6. It is Impossible to Gain Weight on a Low-Carb Diet
***I'd like to think this one has been put to rest - it is very hard to get fat on just fat and protein, but that's because it's hard to eat 3000+kcal/day of just fat and protein.

7. Drinking Butter and Coconut Oil is a Good Idea
***This is one of the weaker points.  Folks that like bullet proof coffee do this, and they have good reasons for doing it.  Like much of the low carb world, it's not for everyone.

8. Calories Don't Matter
***Calories matter, and they don't matter.  What matters is if you induce metabolic derangement, and/or eat a lot of industrially produced plant based foods, you can easily eat boatloads of kcals - and still be hungry!  For many people, eating low carb foods eliminates hunger, so they eat what they need now, not as much as they can.  Additionally, the track record of folks who try to induce fat loss by counting calories is poor - very few folks have any long term success with that approach.  Finally, some folks who have researched the matter say there has never been a study that demonstrated a patient who ate the exact right amount of calories as calculated by the experts, and lost the predicted amount of fat.  IOW - those who study the "calorie is a calorie" model have proved, in a backwards way, that we don't really know what the caloric content of foods, we don't know what happens to calories in different GI tracts, and we don't understand all the ways the human body "leaks" energy.  Some of those leaks have been shown to be in response to what kinds of foods are eaten - IOW, high carb low calorie diets can make the body conserve energy by reducing basal metabolic rate, and inducing feelings of lethargy.  It is true that caloric deficit has occurred when folks lose body fat, but the ability of humans to engineer their own deficits via counting calories is rarely helpful to those who have a lot of fat to lose.  I like the way Gary Taubes puts it (not an exact quote):  "Folks don't get fat because they are lazy and gluttonous, they gain fat from too many carbs and thus feel less energetic and more hungry."

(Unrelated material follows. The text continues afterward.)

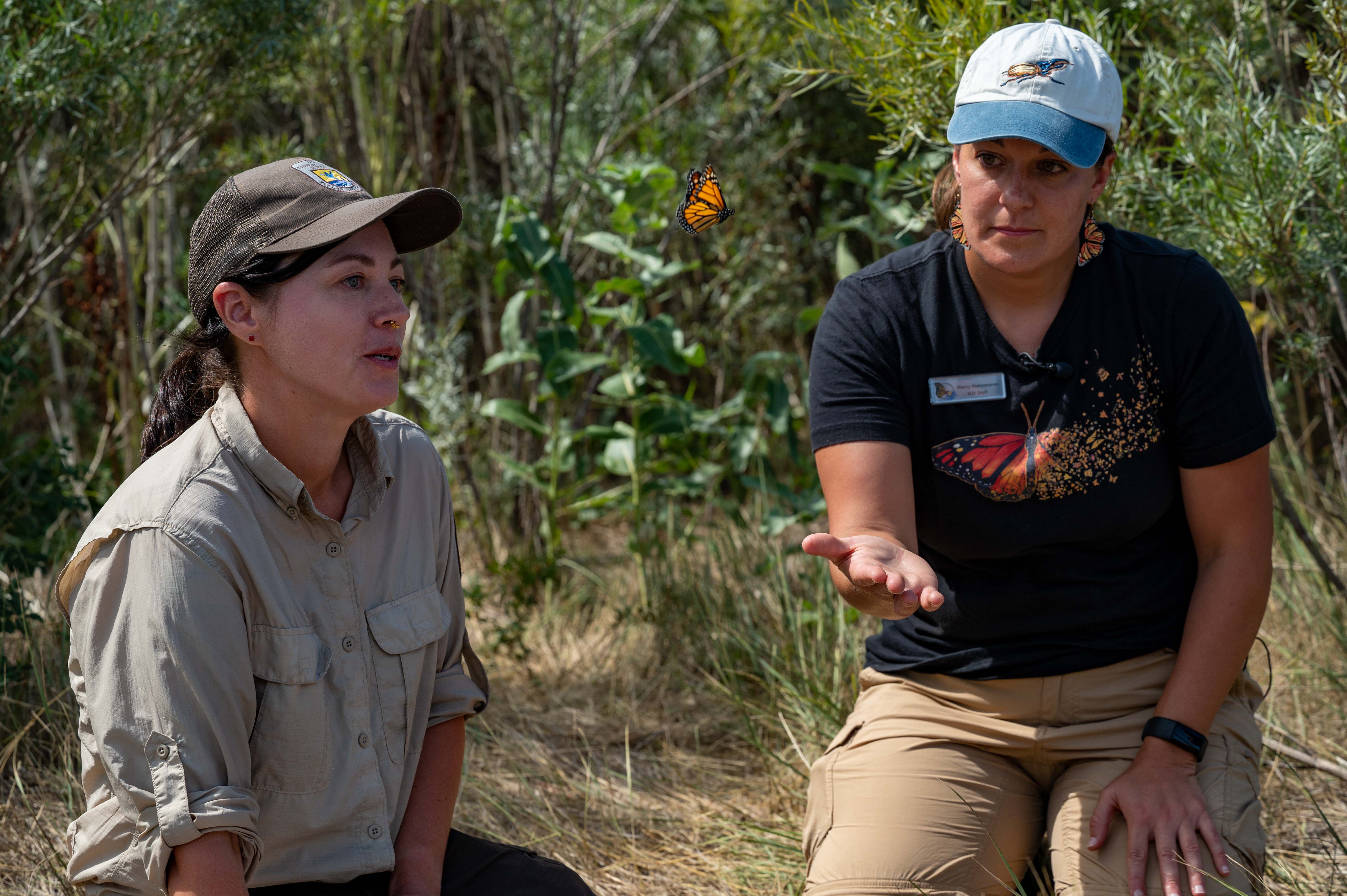 Staff form the U.S. Fish and Wildlife Service and Monarch Joint Venture tag and release a monarch Buckley Space Force base, August 29, 2024. U.S. Space Force Photo by Senior Airman Joshua Hollis
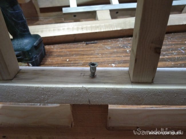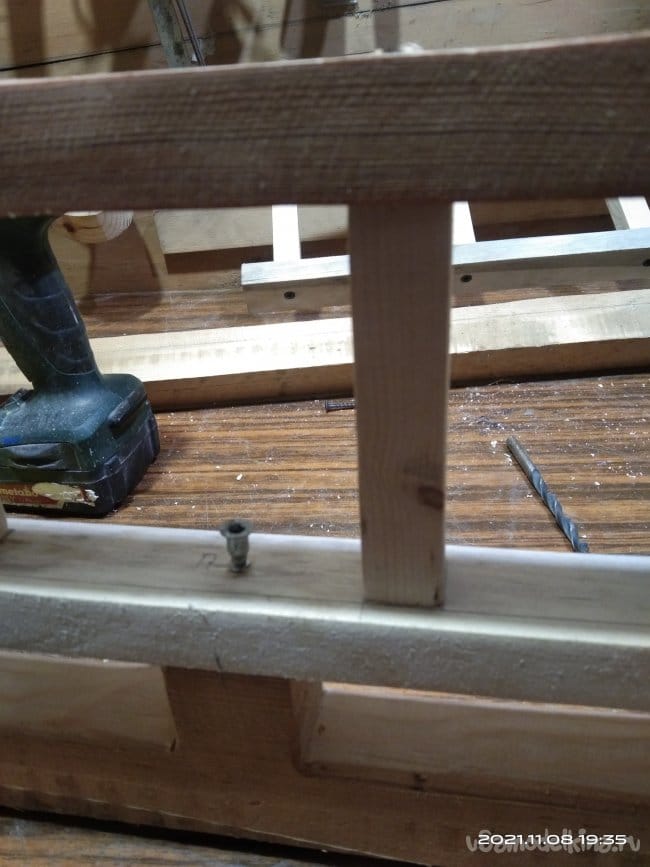 Теперь необходимо данные стенки установить на полозья. Для этого на них есть специальные места, к которым и будем крепить стенки. Размечаю в каких именно местах на стенках будет крепление, делаю сквозные отверстия. Т.к. отверткой подлезть невозможно, маленькое расстояние между деталями, использую мебельные евровинты. С помощью специального шестигранного ключа устанавливаю детали на свои места. На них я предварительно так же

9. Fiber is Mostly Irrelevant to Human Health
***It’s a small point, but I wish he hadn’t included this one.  I could skip all sources of fiber, or eat them very sparingly, and he could never show the negative impact on my health.  I’m not opposed to the kind of fiber he’s saying is “healthful”, but I vehemently reject the mainstream idea that it’s important to eat whole grains or any other agricultural product because we need fiber in our diets.  I’ve looked and looked and can find absolutely no reason to believe this is anything but a myth. 

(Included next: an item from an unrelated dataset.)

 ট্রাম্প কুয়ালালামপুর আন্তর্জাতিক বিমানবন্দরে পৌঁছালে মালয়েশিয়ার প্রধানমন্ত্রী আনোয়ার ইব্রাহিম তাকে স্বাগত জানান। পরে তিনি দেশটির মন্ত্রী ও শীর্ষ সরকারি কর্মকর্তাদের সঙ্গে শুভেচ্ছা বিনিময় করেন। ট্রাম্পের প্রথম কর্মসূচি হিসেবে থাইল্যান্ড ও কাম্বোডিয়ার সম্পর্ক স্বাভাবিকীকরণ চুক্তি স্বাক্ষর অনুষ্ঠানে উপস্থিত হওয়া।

10. If Low-Carb Cures a Disease, That Must Mean That The Carbs Caused it in The First Place

***I think this summary is spot on, and was glad to see it written like Chris did:
“Many people who are metabolically healthy can easily maintain good health eating carbs, as long as they eat real food.  However, when someone becomes insulin resistant and obese, the metabolic rules seem to change somehow.  People who have metabolic dysfunction caused by the Western diet may need to avoid all high-carb foods.  But even though removing most carbs may be necessary to reverse a disease, it does not mean that the carbs themselves caused the disease.  Healthy people who want to stay healthy will do just fine, even on a higher carb diet, as long as they stick to real, unprocessed foods.  The prevention does not have to be the same as the cure.”